Question

An object 2cm high produces a real image 3cm high, when placed at a distance of 15cm from a concave mirror. Calculate the position of the image.

Answer 1

Magnification is defined as the ratio of the image size to the object size which is equal to the negative of distance of image from the mirror to the distance of object from the mirror. $m = \dfrac{{{h_1}}}{{{h_2}}} = - \dfrac{v}{u}$, where h1 and h is the height of image and object respectively. v and u are the distance of image and object from the mirror.

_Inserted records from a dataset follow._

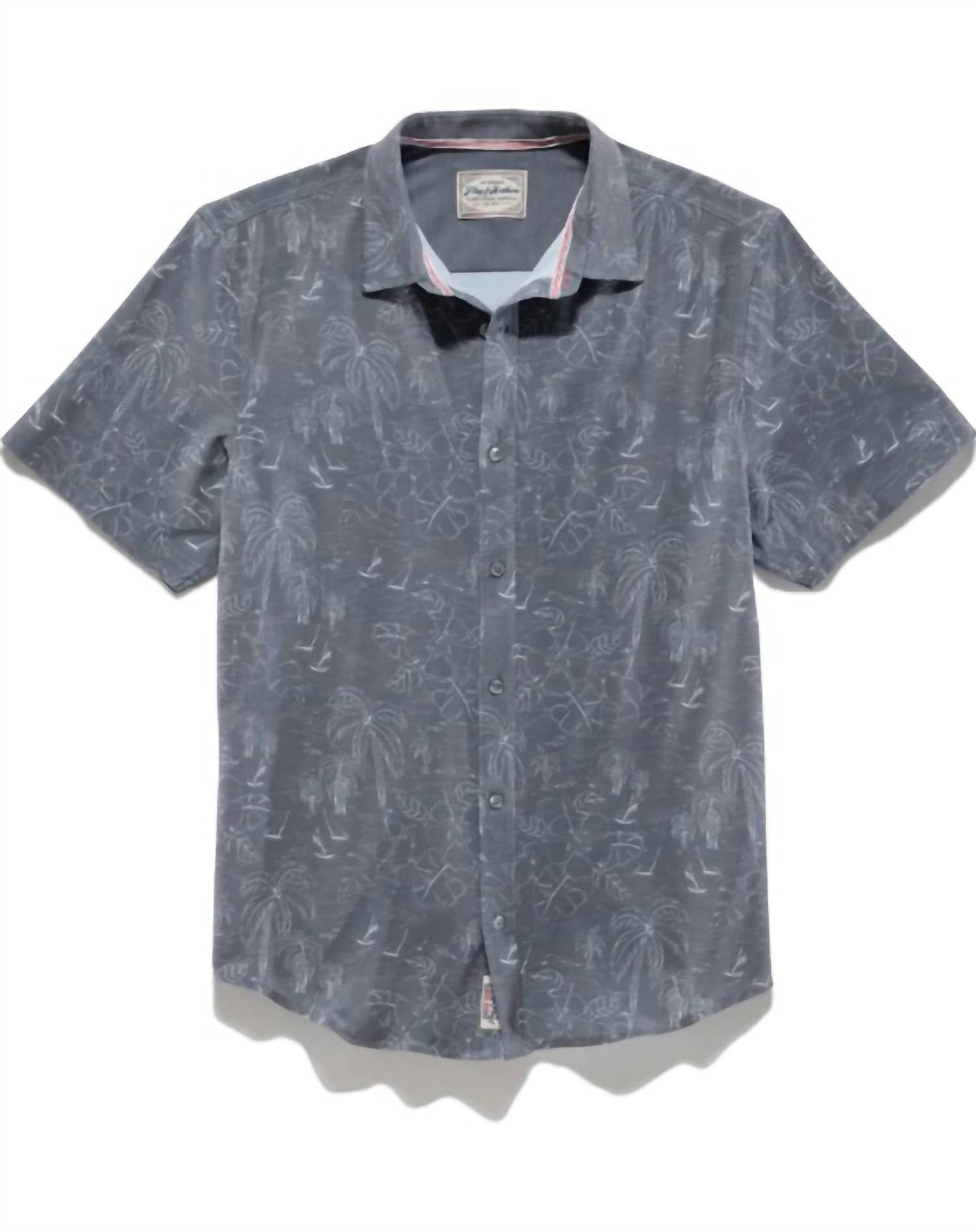 Embrace all-day comfort with the Richfield Palm Print Performance Shirt by Flags & Anthem, crafted for optimal mobility and a superior fit. This short-sleeved shirt in Charcoal Leaf features a stylish patterned design that keeps you cool with its moisture-wicking polyester, cotton, and spandex blend. Its button closure and tailored athletic fit make it ideal for both casual and formal settings. With a medium length of 29.5 inches, machine washable convenience, and UPF sun protection, it's your go-to piece for the spring season.
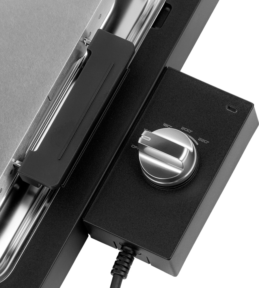 Благодаря продуманной конструкции гриль-теппан можно использовать как для приготовления повседневных блюд, так и для тематических ужинов, во время которых гости могут наблюдать за процессом приготовления или даже участвовать в нём. Устройство быстро нагревается и равномерно распределяет тепло, позволяя контролировать степень прожарки. После использования поверхность легко очищается, а низкий профиль корпуса упрощает хранение.
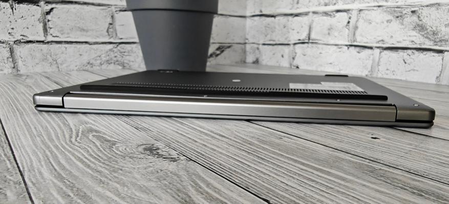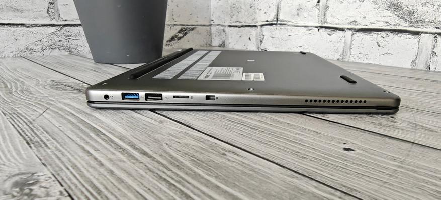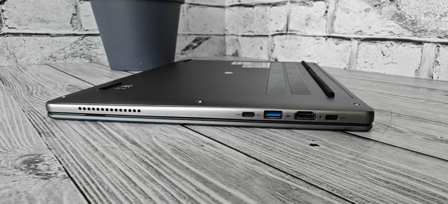 На левом торце разместили два Type-C интерфейса с поддержкой зарядки через Power Delivery и передачи данных до 10Гбит/сек, HDMI 2.1 и USB 3.2 Gen 2 Type-A порт. На правом торце разъем наушников 3.5мм, USB 3.2 Gen 2 Type-A, USB 2.0, картридер microSD и замок Кенсингтона. Также справа и слева симметрично расположены отверстия динамиков. Разъемов тут предостаточно, и, как дань моде, отсутствует Ethernet разъем проводного интернета, что нивелировано скоростным стандартом Wi-Fi подключения.

Complete step by step answer:
Given, the height of the object ${h_2} = 2cm$.
Height of image ${h_1} = 3cm$.
The height of the image is negative as the image formed is real and inverted.
Distance of the object from the concave mirror $u = 15cm$.
Let the distance of image from the mirror be v.
We know that magnification for a concave mirror is the ratio of the height of the image to the height of the object which is equal to the negative of the distance of image from the mirror to the distance of object from the mirror, $m = \dfrac{{{h_1}}}{{{h_2}}} = - \dfrac{v}{u}$.
Substituting the value of height of image height of object and the distance of object from the mirror, we get
$m = \dfrac{3}{2} = - \dfrac{v}{{15}} \\\ \therefore v = - \left( {\dfrac{3}{2} \times 15} \right) = - 22.5cm \\\$
Therefore the value of distance of image from the mirror is 22.5cm and is formed on the same side as the object.

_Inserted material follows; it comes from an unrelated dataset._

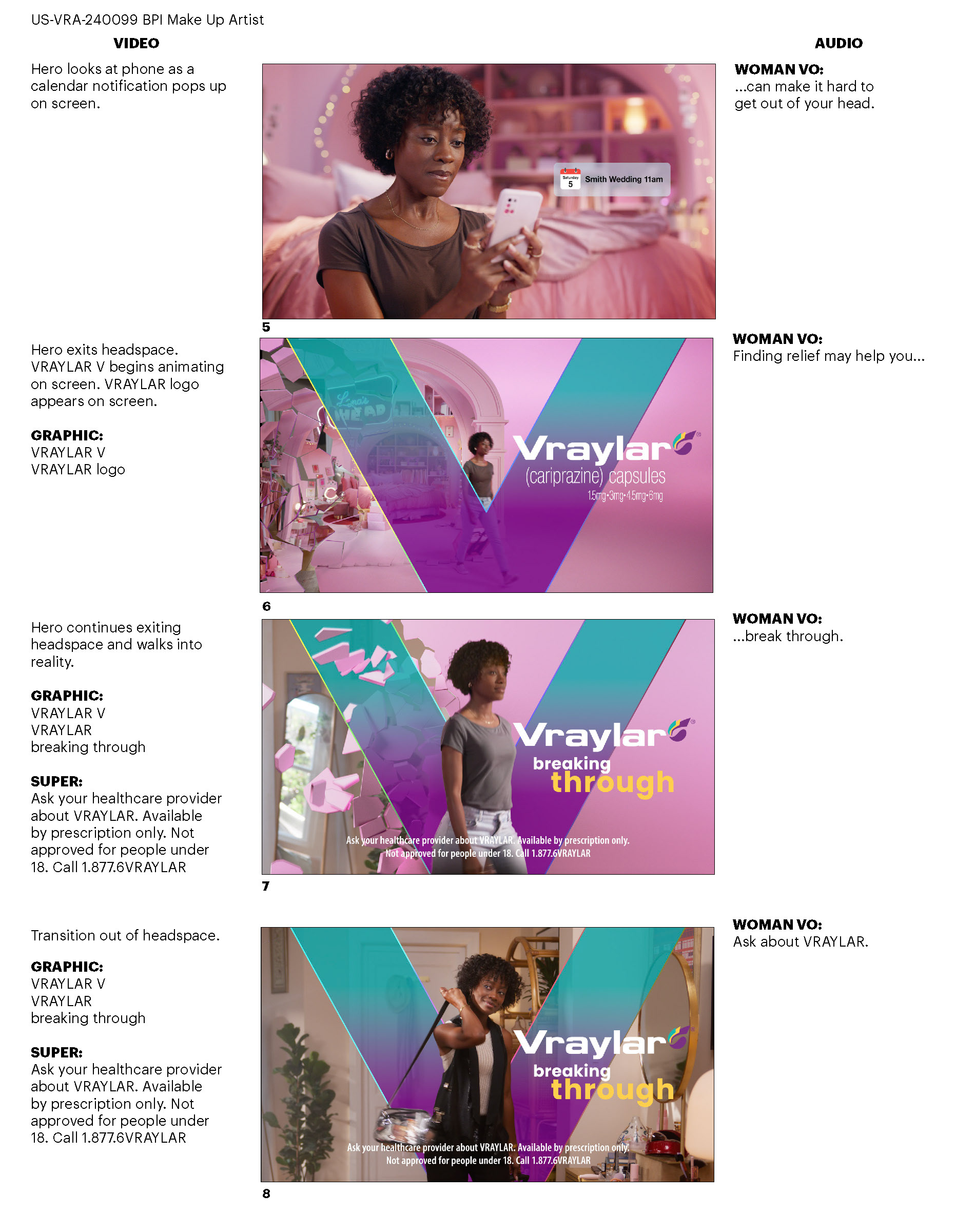 Assisted with storyboard image comping for VRAYLAR Consumer spots

Note: Conventions for the distance measures should be kept in consideration.
Distance is always measured from the pole of the mirror. Distance in the direction of incident rays are taken as positive and the distance opposite to the incident ray are taken as negative. Height above the principal axis is taken as positive and below the principal axis is taken as negative.